Export Design

Exports should preserve both values and context.

What Export Is For

Export is the handoff from interactive analysis to another person, system, or record. A useful export should let someone understand what data was used, what workflow ran, what parameters were chosen, what outputs were produced, and what limitations remain.

flowchart LR
    W[Workflow graph] --> B[Export bundle]
    D[Source files and metadata] --> B
    R[Run outputs] --> B
    M[Model artifacts] --> B
    B --> P[Python / notebook]
    B --> C[CSV tables]
    B --> Z[Zip package]
    B --> S[Scientific record]

Useful Export Context

workflow name and version
run timestamp
node parameters
sample IDs
target names and units
metric names and split design
model artifact identifiers
source file names and extensions

Example Export Bundle

A good zip export for a PLS calibration might look like:

pls_moisture_calibration_export/
├── manifest.json
├── workflow.json
├── data/
│   ├── spectra.csv
│   └── targets.csv
├── outputs/
│   ├── predicted_vs_measured.csv
│   ├── metrics.json
│   ├── vip_scores.csv
│   └── coefficients.csv
├── figures/
│   ├── predicted_vs_measured.png
│   └── vip_scores.png
└── model/
    ├── manifest.json
    └── arrays/
        ├── coef.npy
        ├── x_mean.npy
        └── x_scale.npy

The important part is not the exact folder names. The important part is that values travel with their context: sample IDs, units, axis definitions, workflow parameters, validation split, and source file names.

Python and Notebook Exports

Where Python export is supported, it should reproduce the workflow with explicit parameters and clear data-source binding. Unsupported nodes should fail visibly rather than pretending to export.

For example, an exported preprocessing step should look like an explicit operation:

spectra = load_dataset("data/spectra.csv")
spectra_snv = snv(spectra)
spectra_deriv = savgol_derivative(spectra_snv, window_length=15, polyorder=2)

It should not silently depend on UI state, hidden session data, or a database row that another user cannot access.

Portable `.sherpa` Objects

The .sherpa object is the round-trip export path for moving a project between SpectraSherpa installs. It is a ZIP container with:

sherpa-object.json: object version, package mode, payload inventory, SHA-256 hashes, and project summary
project.json: project snapshot with data sources, workflow sheets, nodes, edges, scripts, and model references
data/experiments/<id>/...: uploaded project files needed by My Dataset workflows
models/<artifact_uid>/manifest.json and models/<artifact_uid>/arrays.npz when saved model artifacts are available

Current full-project exports mark project.json with archive_format.version: "0.2" and mirror that value in sherpa-object.json as project_payload_version. Uploaded data files use deterministic member paths derived from their experiment ID and relative file path.
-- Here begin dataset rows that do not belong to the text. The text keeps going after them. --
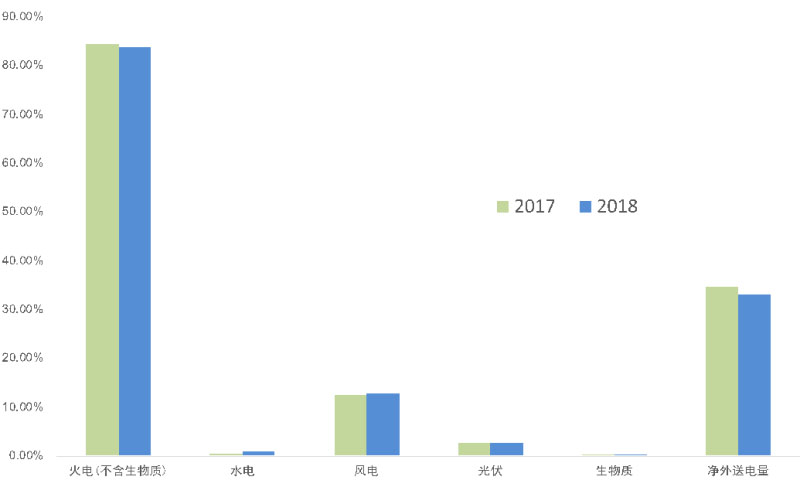 據(jù)國(guó)家統(tǒng)計(jì)局?jǐn)?shù)據(jù),內(nèi)蒙古2017年和2018年全省電量平衡構(gòu)成如圖5所示。分析發(fā)現(xiàn),內(nèi)蒙古電源結(jié)構(gòu)以火力發(fā)電為主,電力外送量占總發(fā)電量比重超過(guò)30%。2018年,內(nèi)蒙古全社會(huì)用電量增速達(dá)到15.95%,凈外送電量同比降低8%,可再生能源電力增速達(dá)到17%。但是內(nèi)蒙古非水可再生消納量并沒(méi)有達(dá)到要求??梢?jiàn),隨著產(chǎn)業(yè)轉(zhuǎn)移的加速和西部地區(qū)終端用能電氣化率的提高,廉價(jià)電力為本省經(jīng)濟(jì)社會(huì)發(fā)展服務(wù),特別是優(yōu)質(zhì)可再生資源電力服務(wù)本省的訴求正在凸顯,這在可再生能源消納責(zé)任機(jī)制啟動(dòng)后將愈加明顯。
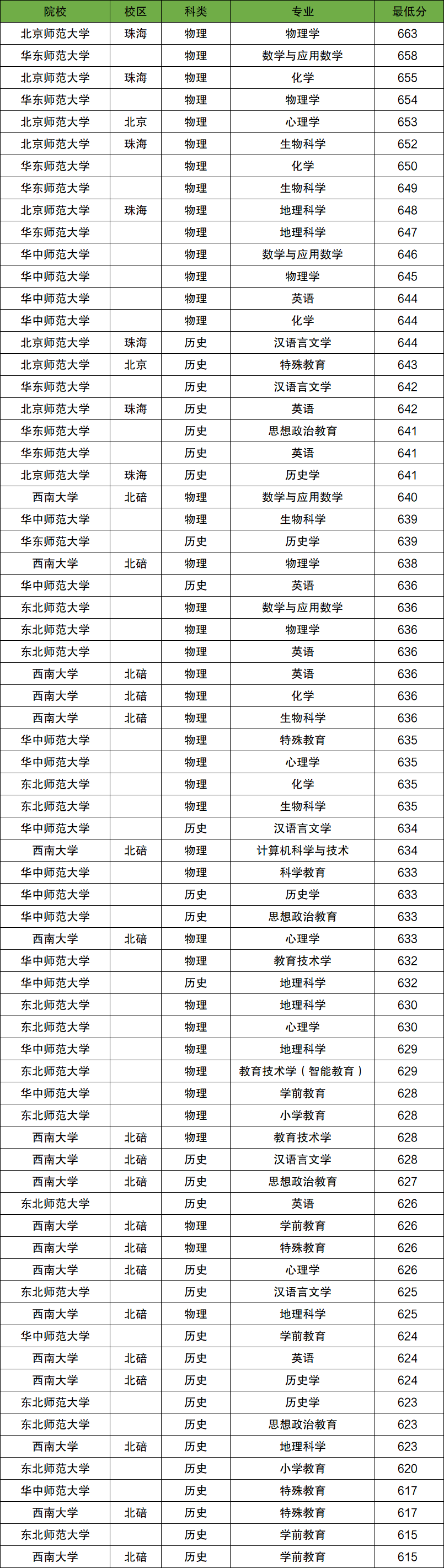 最低分的公费师范生院校及专业是西南大学的学前教育专业,录取分数线为615分。
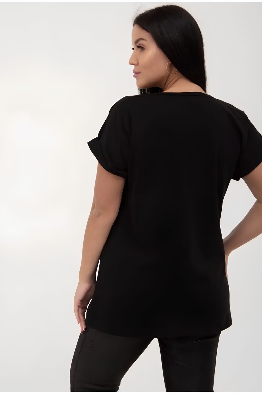 Футболка без рисунка с отворотами на рукавах, хлопок 100%, Арт. 561 - черный
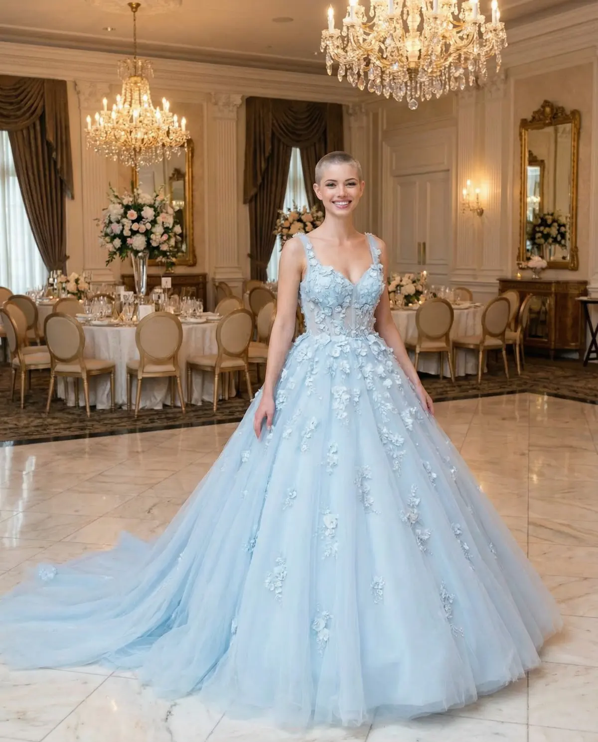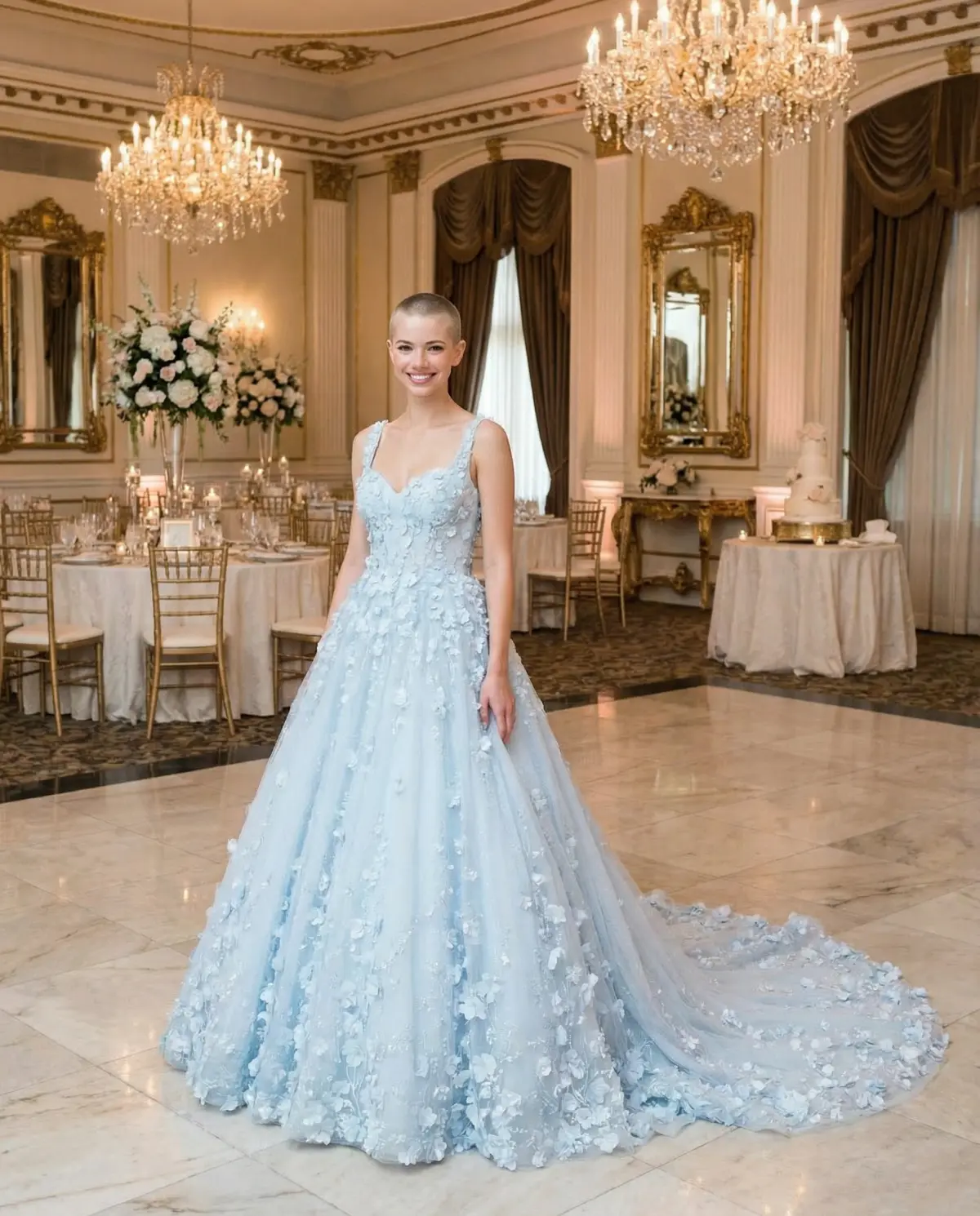Blue wedding dresses photograph very differently depending on your skin tone and hair color β what looks ethereal on a fair-skinned blonde might read completely differently on a warm-toned brunette. Upload your photo to TryMyDress and:
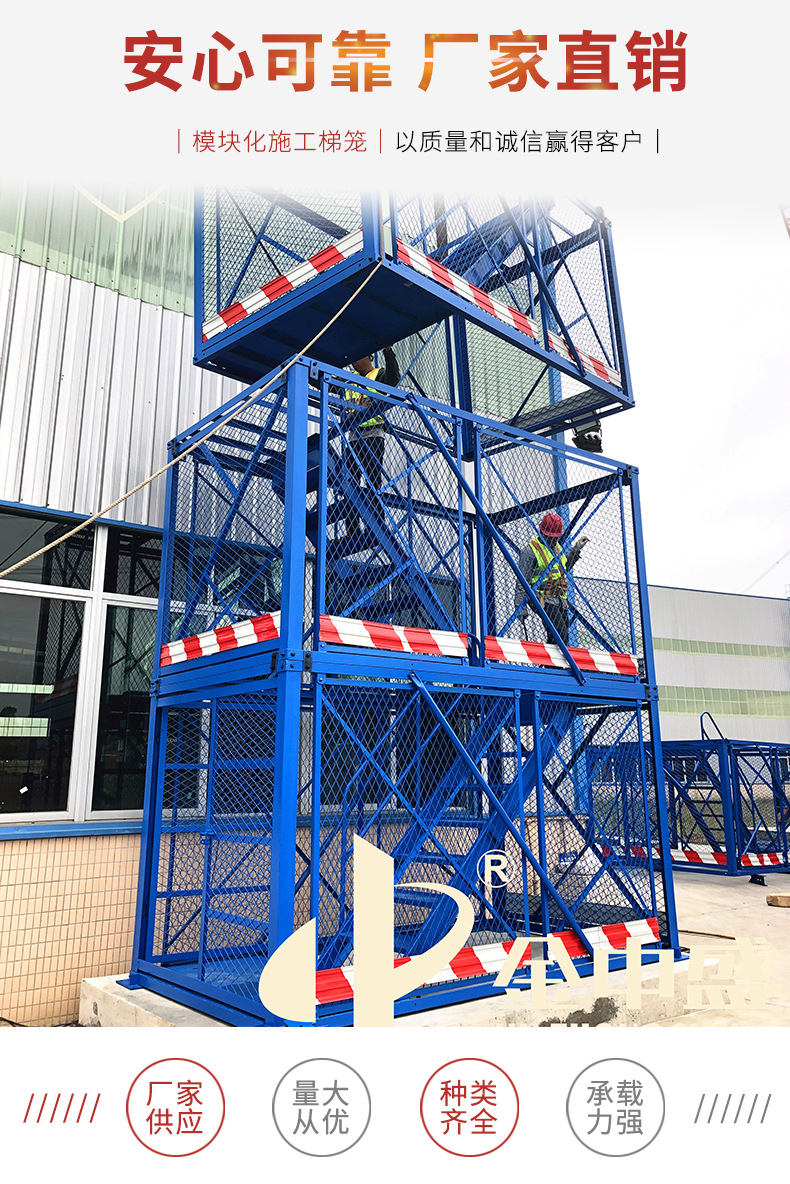 模块化施工梯笼适用于桥梁墩柱及深基坑内部结构施工,作为垂直上下安全通道。产品特点:安全稳固、结构简单、安装方便、外观大方,安全防护设施可靠。
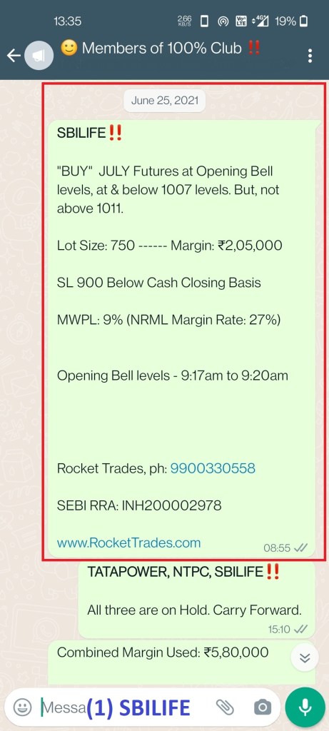 - SBILIFE: BUY Call
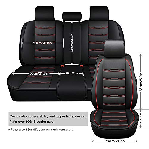 3. [IMPERMEABILE E DUREVOLE E ANTISCIVOLO] - Superficie in ecopelle di alta qualità con fodera in spugna composita super morbida da 5 mm, confortevole, lavabile. Ultimo design realizzato in materiale di pelle pieno traspirante e resistente all'usura e presenta un eccellente effetto stereoscopico. Scalabile per la parte centrale del cuscino della fila posteriore e il design con cerniera sulla spalla dei coprisedili anteriori, bordo circondato, consente di fissare meglio i coprisedili sui sedili.

During import, a bundled file is accepted only when the project payload's archive_member matches that deterministic path and the file's SHA-256 matches the recorded sha256.

Unlike a Python or notebook export, a .sherpa object is meant to be imported back into SpectraSherpa. Import creates a new project, restores uploaded project files and their metadata, restores project data-source records, recreates workflow sheets with their nodes and edges, imports model artifacts when present, and stores the imported payload as version 1 of the new project.

The object can be inspected or validated without executing workflows:

spectra-sherpa object inspect project.sherpa
spectra-sherpa object validate project.sherpa

For a running local or hosted API, the CLI can also call the project object endpoints:

spectra-sherpa object export 42 project.sherpa
spectra-sherpa object import project.sherpa

Hosted APIs that require authentication can pass --api-url and --token.

The current package mode is full. A future metadata-only mode is scaffolded in the manifest but is not yet a supported export option.

Import keeps the normal per-file upload cap for each restored data or model member. A full project archive can be larger than a single file because it may include several uploaded files plus model artifacts; the current aggregate uncompressed archive budget is ten times the configured single-file upload limit.

Compatibility policy: the beta object reader currently accepts only exact object-version 0.1; project payload revisions are distinguished by project_payload_version. Treat this as the first implementation contract, not a long-term compatibility promise. Future object revisions should add an explicit min/max reader range before changing the manifest schema.

Extension Pattern

Use export extensions when a lab or partner needs a specific handoff format:

regulated report packet
LIMS-friendly CSV tables
instrument-method transfer package
model-review archive
customer-facing PDF/HTML report bundle

The extension should state which node outputs it supports and what metadata is required. If required metadata is missing, export should fail clearly and explain what the user must add.